> The records

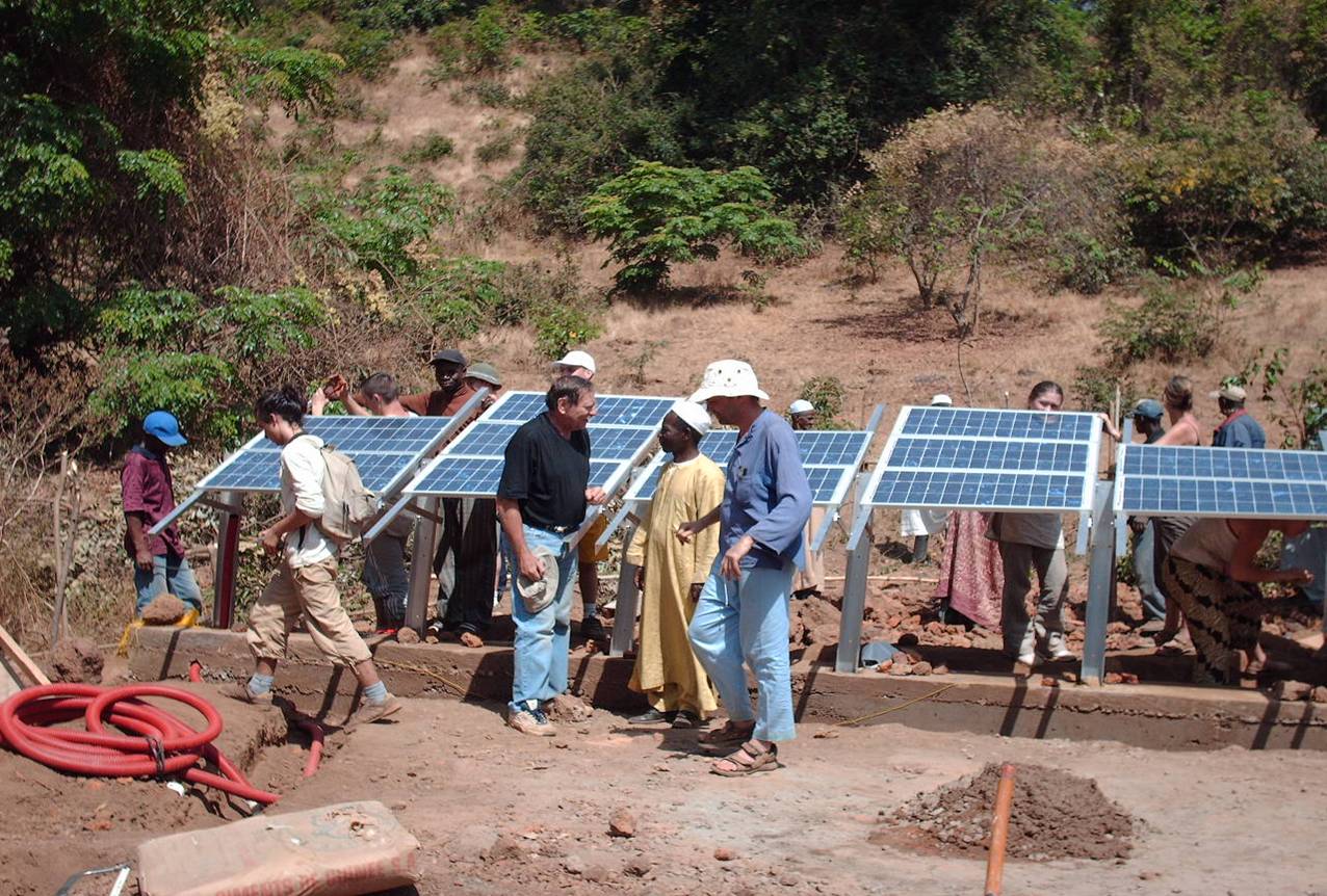 Equipe d'installateurs devant l'ensemble des panneaux solaires générant l'électricité pour le pompage de l'eau (© photo : Saga/Hsf)
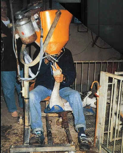 To deliver the foie gras delicacy on human dinner plates, birds are force-fed swollen grain, usually maize, over an 18-day period, with a long metal tube down their throats. About 4 pounds of grain mixed with fat are pumped into the birds’ stomachs two or three times daily.
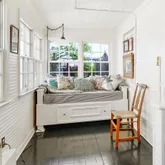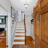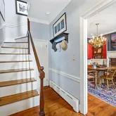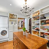 Originally built in the late 1700s, it has undergone a comprehensive restoration and renovation over the past 20 years, all while maintaining the authenticity of its historical character to the most minute detail. As you cross the front door's threshold, you are immediately transported to a bygone era. The architectural features, design elements, and overall ambiance evoke a sense of history and nostalgia that seamlessly blend with modern touches. The unique entrance door, handcrafted with pegs - not a single nail - from wormy chestnut dating back to 1800, and the solid brass dolphin door knocker that reflects the maritime heritage of Alexandria are just a few examples of the exquisite care and attention given to this home. The interior is equally captivating, with 5 restored fireplaces, original heart pine floors, and many other original features brought back to modern standards. Upstairs, improvements such as the custom built-in marble topped dresser, comfortably renovated sunroom/office, and updated bath offer functionality and character. The first level of the addition smoothly unites history, craftsmanship, and culinary artistry. This harmonious fusion of design influences reflect the owner's culinary career, artistic education in the US and Italy, and travel through Europe and the UK, creating a space that is both aesthetically pleasing and inspiring. Modeled after the British "unfitted" kitchen, it begins with the eat-in dining area, complete with original colonial fireplace, restored to its former glory and effortlessly integrated into the space. The kitchen is outfitted with high-end appliances and chef-designed storage areas adjacent to the center island. This island is the heart of the kitchen and will surely delight the most discriminating chef. Composed of three different work surfaces, the island offers a kidney-shaped Carrara marble surface for pasta and pastry, a slate counter and hammered nickel sink for vegetable prep, and a kidney-shaped maple and walnut cutting board for preparing meats and fish. Woods from Europe and the US create the custom cabinetry designed to fit all of your kitchen tools and equipment. No doubt it will become your perfect setting to cook, entertain, and spend evenings with friends and family. The den is situated at the far end and offers a cozy, inviting space to entertain friends, unwind, read, or enjoy a relaxing cup of tea. Its proximity to the work area allows for guests to engage with the chef as their meal is prepared, with a serene view of the garden through the French door. The addition's back staircase leads to an incomparable Primary Suite. Its bedroom features reclaimed wormy chestnut floorboards, a Juliet balcony overlooking the extensive rear garden, and a meticulously restored paneled pine door with a hand-forged handle and knocker from the early 1800s. The Primary Bath is an award winning masterpiece in contemporary design, featuring a custom-made Japanese stainless steel soaking tub with two waterfall faucets, glass-enclosed rain and hand-held showers, and heated tumbled slate floors. The transition room from the original home to the addition on this second level was converted into a spacious walk-in closet with custom cabinetry, ample shelving, clothes hanging sections, and a dedicated laundry area.
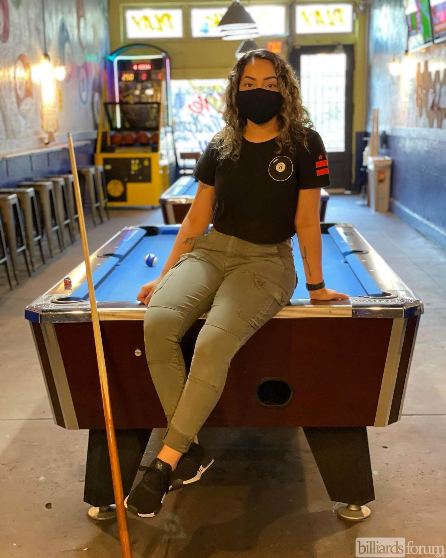 An employee at the Toro Bar in Washington, DC. Shown here sitting on the edge of a pool table.
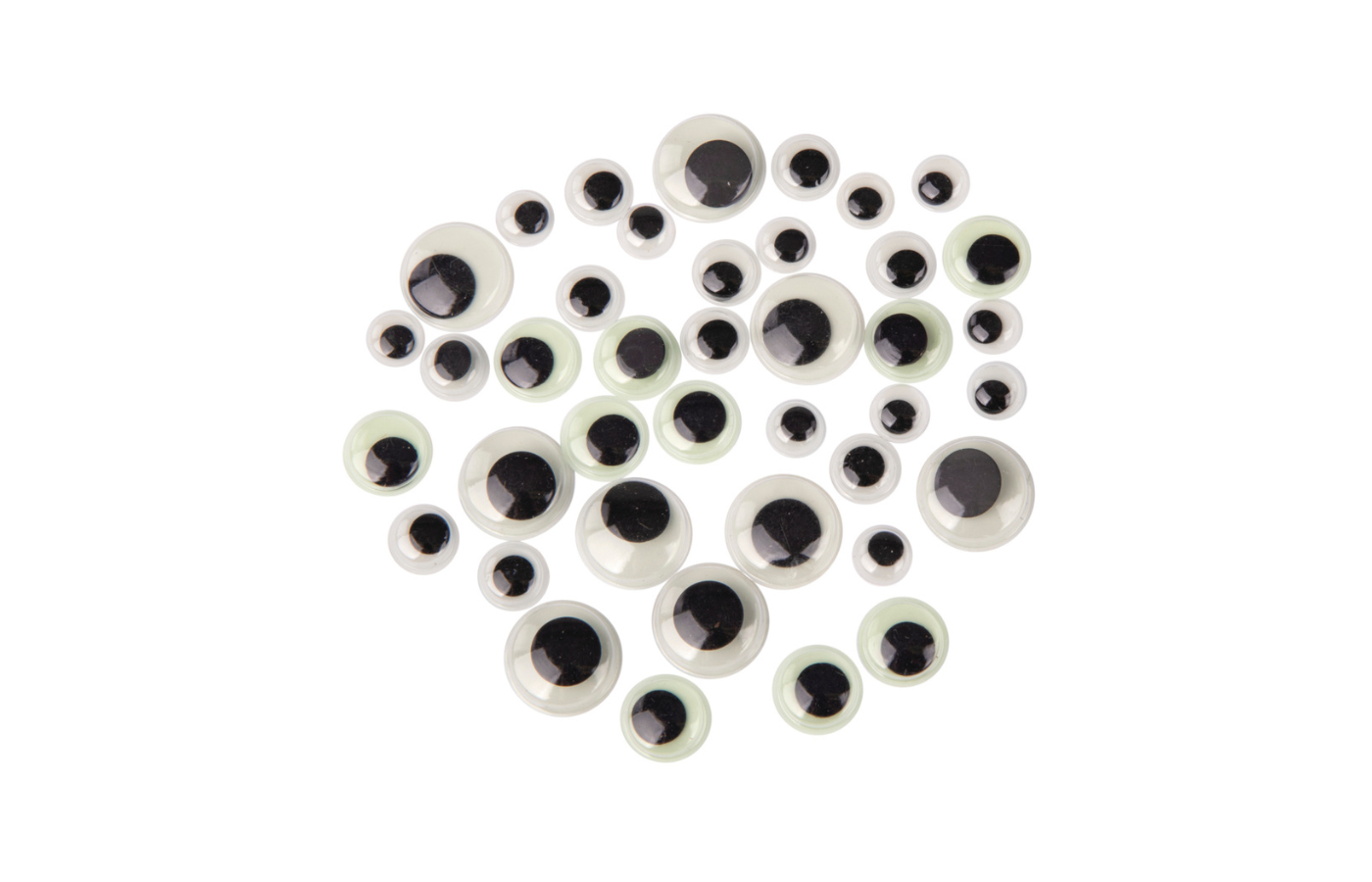 Pakket met 40 zelfklevende wiebelogen in 4 verschillende maten.
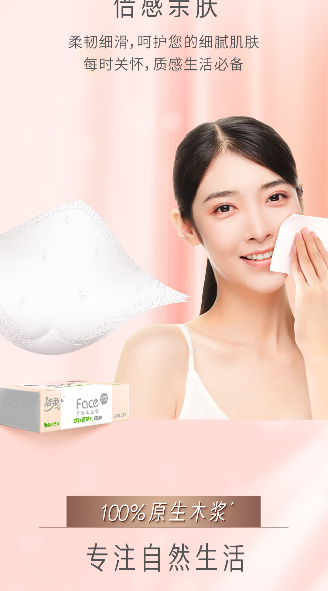 洁柔一次性洗脸巾平纹挂抽两用柔软亲肤母婴可用卸妆洁面一次性擦脸巾 100抽*3包【经典款】
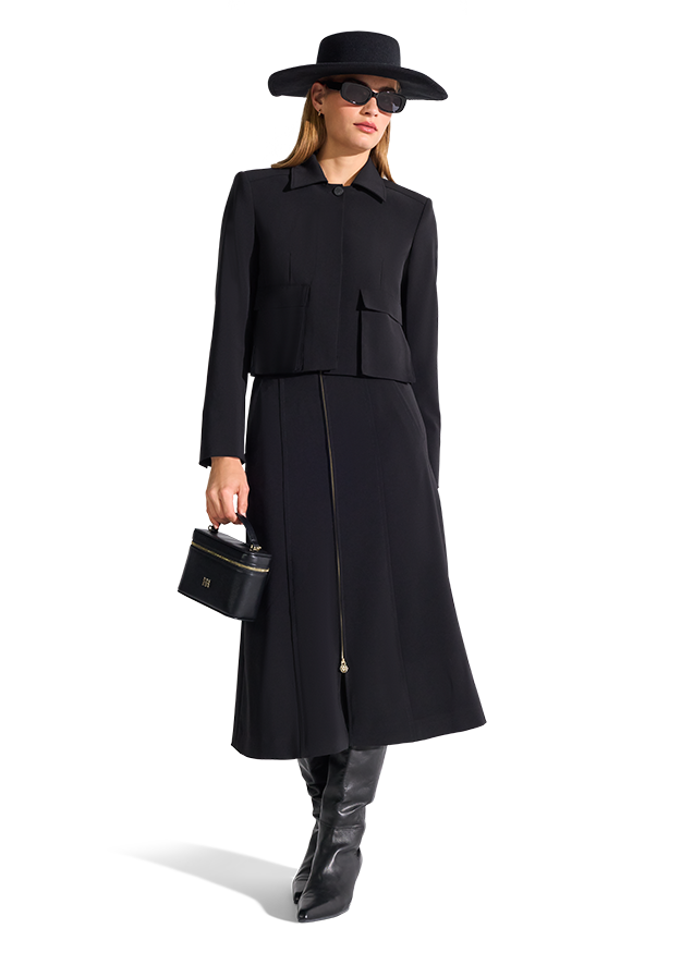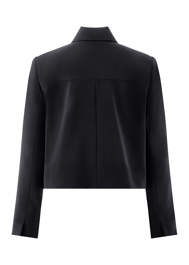Die RIANI kurze Jacke mit klassischem Kragen besticht durch ihre klare Linienführung und moderne Silhouette. Der kurze Schnitt und die markanten Pattentaschen setzen stylishe Akzente, während der hochwertige, pflegeleichte Stoff mit leichter Elastizität für ein komfortables Tragegefühl sorgt. Ein vielseitiges Key-Piece, das Deinem Look eine selbstbewusste und elegante Note verleiht – perfekt für Büro und Freizeit.

> Activity
Nothing but an exact repeat of the records, pictures excluded, belongs in the answer.

> Exercise result
 Equipe d'installateurs devant l'ensemble des panneaux solaires générant l'électricité pour le pompage de l'eau (© photo : Saga/Hsf)
 To deliver the foie gras delicacy on human dinner plates, birds are force-fed swollen grain, usually maize, over an 18-day period, with a long metal tube down their throats. About 4 pounds of grain mixed with fat are pumped into the birds’ stomachs two or three times daily.
 Originally built in the late 1700s, it has undergone a comprehensive restoration and renovation over the past 20 years, all while maintaining the authenticity of its historical character to the most minute detail. As you cross the front door's threshold, you are immediately transported to a bygone era. The architectural features, design elements, and overall ambiance evoke a sense of history and nostalgia that seamlessly blend with modern touches. The unique entrance door, handcrafted with pegs - not a single nail - from wormy chestnut dating back to 1800, and the solid brass dolphin door knocker that reflects the maritime heritage of Alexandria are just a few examples of the exquisite care and attention given to this home. The interior is equally captivating, with 5 restored fireplaces, original heart pine floors, and many other original features brought back to modern standards. Upstairs, improvements such as the custom built-in marble topped dresser, comfortably renovated sunroom/office, and updated bath offer functionality and character. The first level of the addition smoothly unites history, craftsmanship, and culinary artistry. This harmonious fusion of design influences reflect the owner's culinary career, artistic education in the US and Italy, and travel through Europe and the UK, creating a space that is both aesthetically pleasing and inspiring. Modeled after the British "unfitted" kitchen, it begins with the eat-in dining area, complete with original colonial fireplace, restored to its former glory and effortlessly integrated into the space. The kitchen is outfitted with high-end appliances and chef-designed storage areas adjacent to the center island. This island is the heart of the kitchen and will surely delight the most discriminating chef. Composed of three different work surfaces, the island offers a kidney-shaped Carrara marble surface for pasta and pastry, a slate counter and hammered nickel sink for vegetable prep, and a kidney-shaped maple and walnut cutting board for preparing meats and fish. Woods from Europe and the US create the custom cabinetry designed to fit all of your kitchen tools and equipment. No doubt it will become your perfect setting to cook, entertain, and spend evenings with friends and family. The den is situated at the far end and offers a cozy, inviting space to entertain friends, unwind, read, or enjoy a relaxing cup of tea. Its proximity to the work area allows for guests to engage with the chef as their meal is prepared, with a serene view of the garden through the French door. The addition's back staircase leads to an incomparable Primary Suite. Its bedroom features reclaimed wormy chestnut floorboards, a Juliet balcony overlooking the extensive rear garden, and a meticulously restored paneled pine door with a hand-forged handle and knocker from the early 1800s. The Primary Bath is an award winning masterpiece in contemporary design, featuring a custom-made Japanese stainless steel soaking tub with two waterfall faucets, glass-enclosed rain and hand-held showers, and heated tumbled slate floors. The transition room from the original home to the addition on this second level was converted into a spacious walk-in closet with custom cabinetry, ample shelving, clothes hanging sections, and a dedicated laundry area.
 An employee at the Toro Bar in Washington, DC. Shown here sitting on the edge of a pool table.
 Pakket met 40 zelfklevende wiebelogen in 4 verschillende maten.
 洁柔一次性洗脸巾平纹挂抽两用柔软亲肤母婴可用卸妆洁面一次性擦脸巾 100抽*3包【经典款】
Die RIANI kurze Jacke mit klassischem Kragen besticht durch ihre klare Linienführung und moderne Silhouette. Der kurze Schnitt und die markanten Pattentaschen setzen stylishe Akzente, während der hochwertige, pflegeleichte Stoff mit leichter Elastizität für ein komfortables Tragegefühl sorgt. Ein vielseitiges Key-Piece, das Deinem Look eine selbstbewusste und elegante Note verleiht – perfekt für Büro und Freizeit.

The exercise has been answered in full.